- [YOUR TASK]:
So that the copy stays text only, transcribe the data below exactly and exclude the images.

- [GIVEN MATERIAL]:
Segment Open
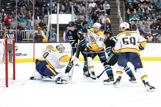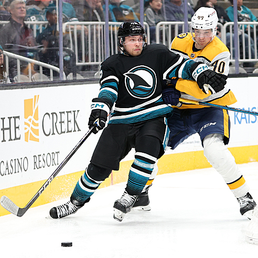 Sharks forward Nikolai Kovalenko (15) attempts to hold off Predators Fedor Svechkov (40) as he moves around the net – Photo by Jack Lima
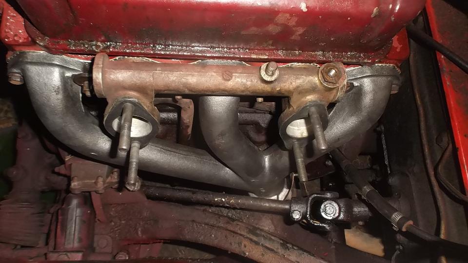 Having lost confidence in 50 year old heat cycled castings, I opted to buy a new one this time to see if it might last longer. Transfer threaded studs from bottom of old manifold to the new one, easy peasy since the studs were new last September. Shove it all back together in short order, and fire it up. Nice to banish the rattle and chuff-chuff in one swat. All quiet under the bonnet now.
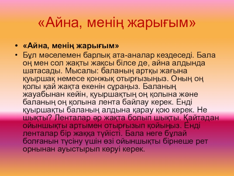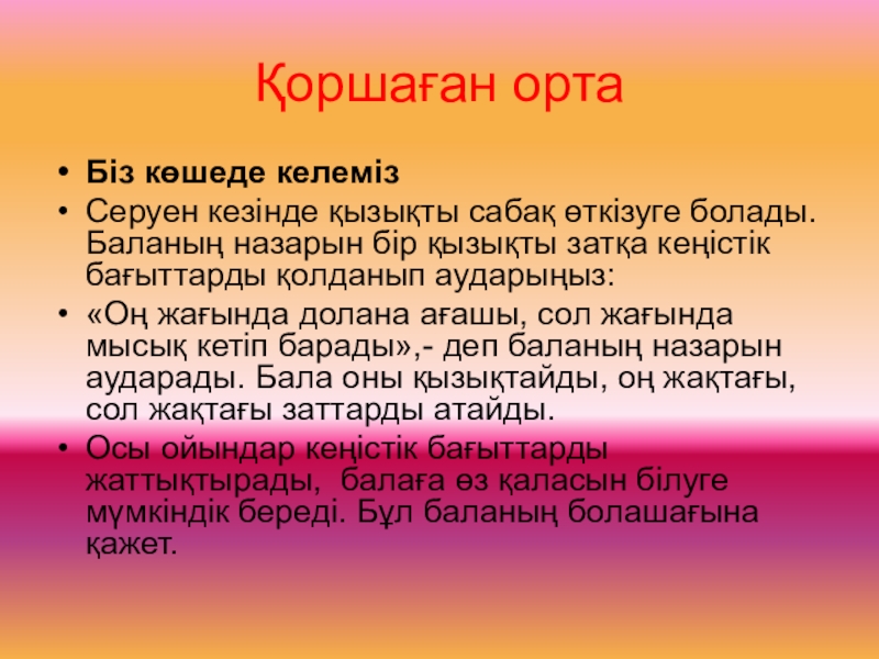 «Оң жағында долана ағашы, сол жағында мысық кетіп барады»,- деп баланың назарын аударады. Бала оны қызықтайды, оң жақтағы, сол жақтағы заттарды атайды.
Segment Closed
- [ANSWER TO THIS EXERCISE]:
 Sharks forward Nikolai Kovalenko (15) attempts to hold off Predators Fedor Svechkov (40) as he moves around the net – Photo by Jack Lima
 Having lost confidence in 50 year old heat cycled castings, I opted to buy a new one this time to see if it might last longer. Transfer threaded studs from bottom of old manifold to the new one, easy peasy since the studs were new last September. Shove it all back together in short order, and fire it up. Nice to banish the rattle and chuff-chuff in one swat. All quiet under the bonnet now.
 «Оң жағында долана ағашы, сол жағында мысық кетіп барады»,- деп баланың назарын аударады. Бала оны қызықтайды, оң жақтағы, сол жақтағы заттарды атайды.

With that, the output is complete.